Information provided:
[Start of Attachment]

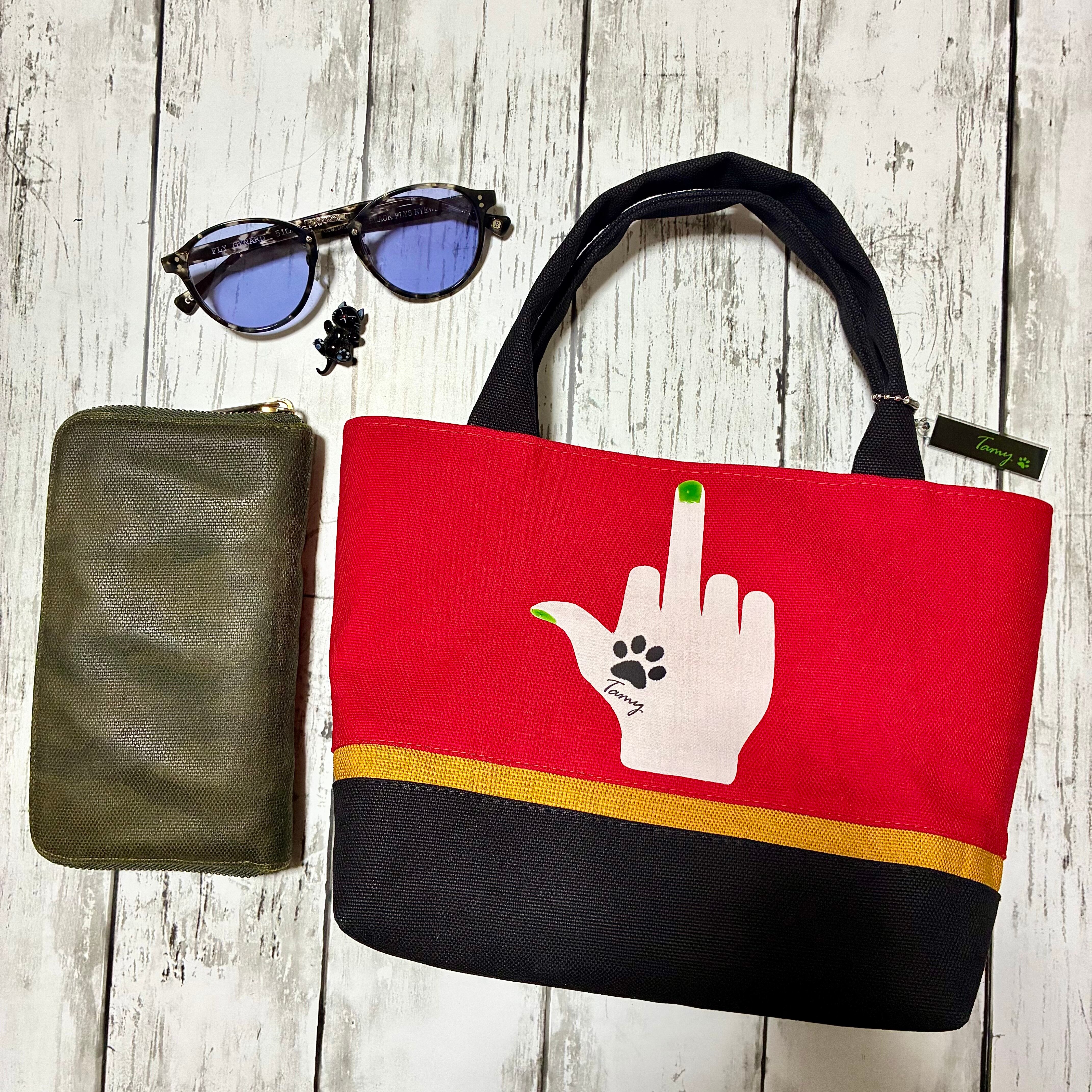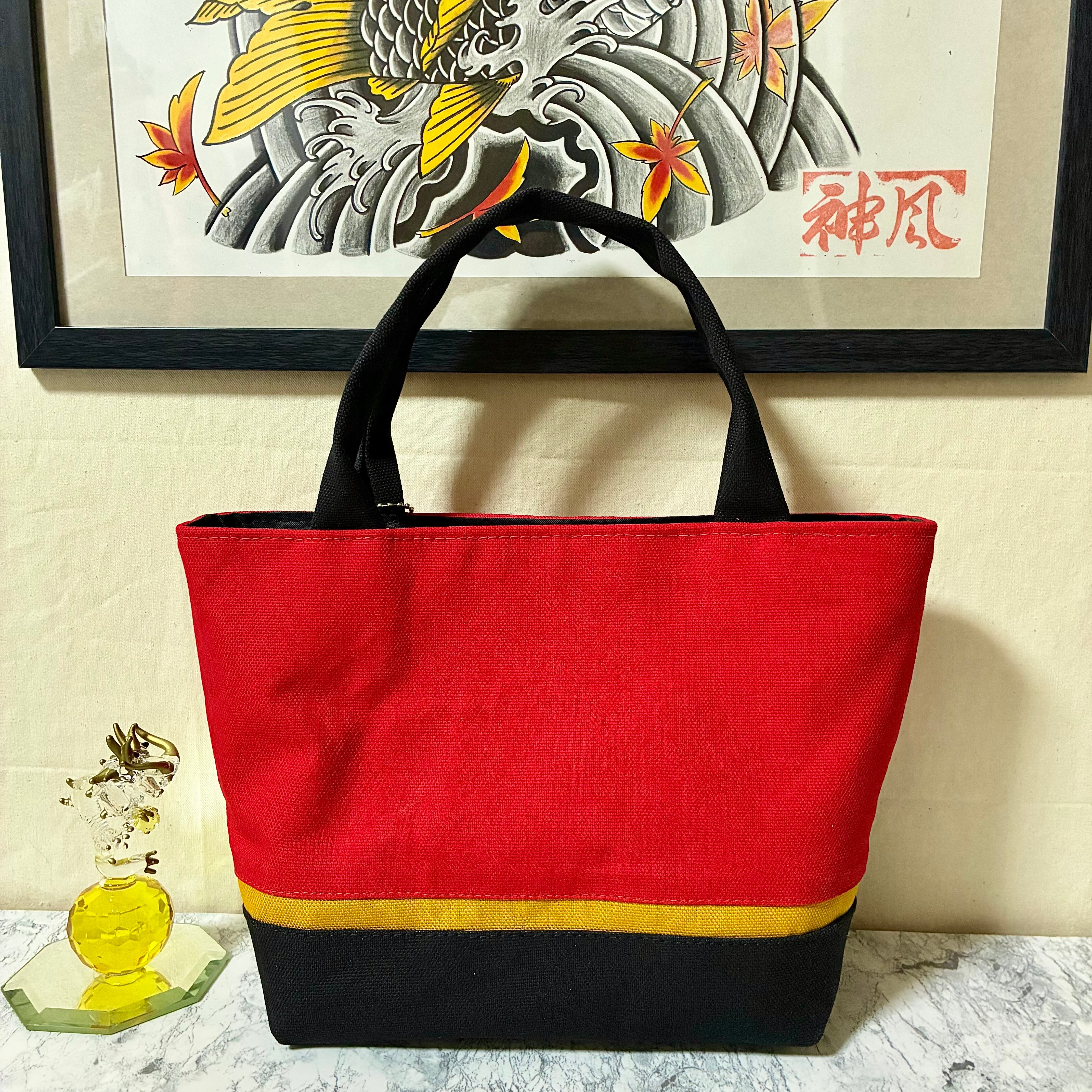 中指ミニトートバッグ~Tamyオリジナル~ レッド&ブラック Dカン付き ハンドメイド ストリート 帆布バッグ
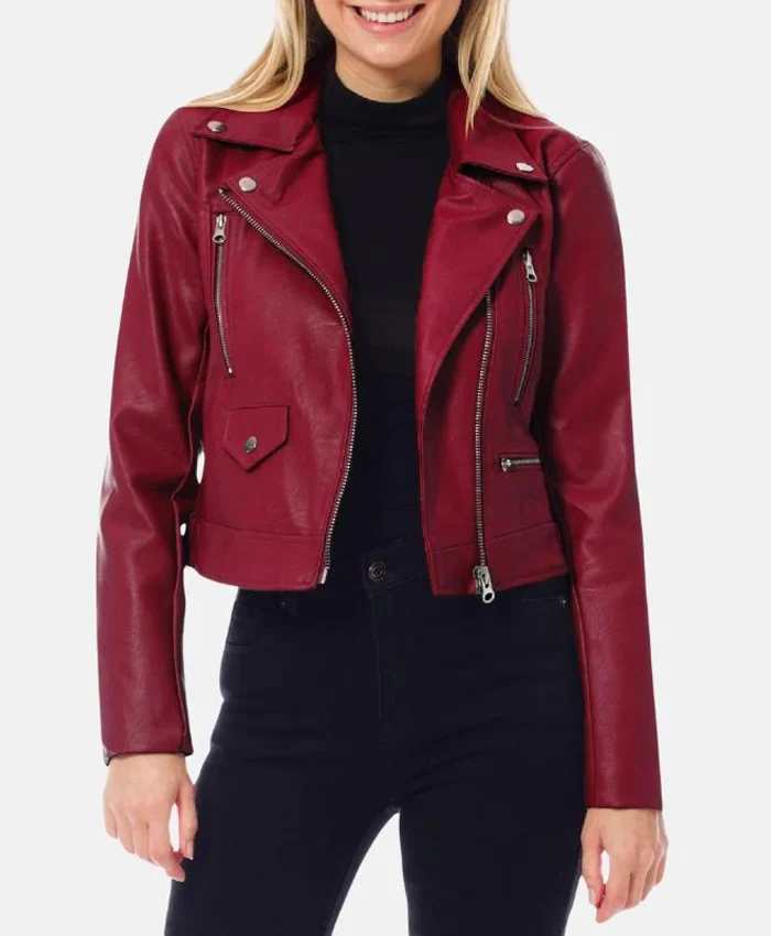 Womens Motorcycle Dark Red Leather Biker Jacket
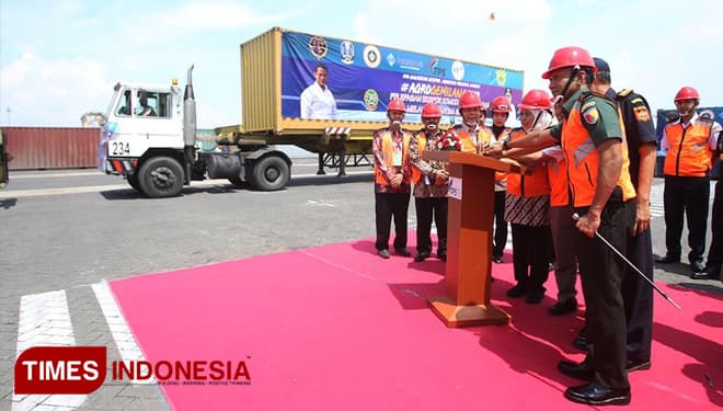TIMES Pontianak/Gubernur Jawa Timur. Dra. Hj. Khofifah Indar Parawansa saat melepas ekspor komoditi pertanian di Terminal PetikEmas Surabaya (TPS). Kamis (21/3/2019). (FOTO: TIM Media For TIMES Indonesia)
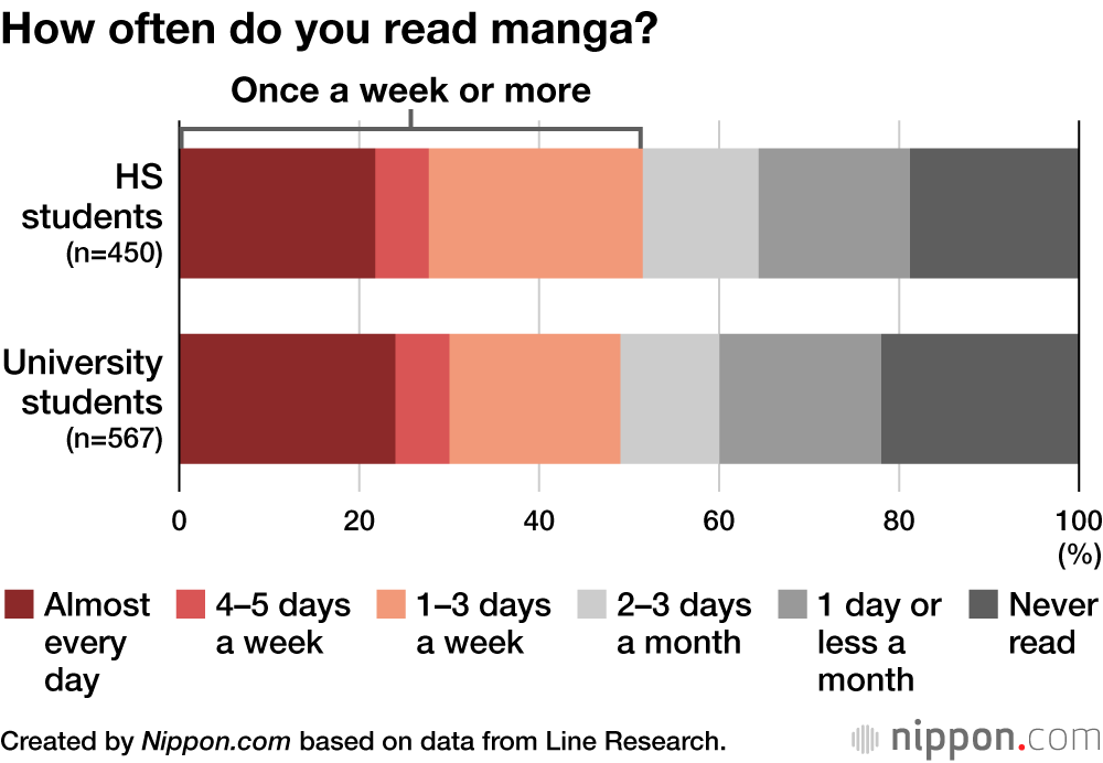 A survey in Japan, conducted in early August by Line Research and aimed at students aged 15 to 25, revealed that 51% of high school students and 49% of undergraduate and postgraduate students read manga, including all kinds of print and digital comics and magazines, “once a week or more.” Meanwhile, 19% of high school students and 22% of university students “never read” manga.

[End of Attachment]

Task goal:
Where pictures occur in the material above, omit them and return everything else exactly.

Response to this exercise:
 中指ミニトートバッグ~Tamyオリジナル~ レッド&ブラック Dカン付き ハンドメイド ストリート 帆布バッグ
 Womens Motorcycle Dark Red Leather Biker Jacket
TIMES Pontianak/Gubernur Jawa Timur. Dra. Hj. Khofifah Indar Parawansa saat melepas ekspor komoditi pertanian di Terminal PetikEmas Surabaya (TPS). Kamis (21/3/2019). (FOTO: TIM Media For TIMES Indonesia)
 A survey in Japan, conducted in early August by Line Research and aimed at students aged 15 to 25, revealed that 51% of high school students and 49% of undergraduate and postgraduate students read manga, including all kinds of print and digital comics and magazines, “once a week or more.” Meanwhile, 19% of high school students and 22% of university students “never read” manga.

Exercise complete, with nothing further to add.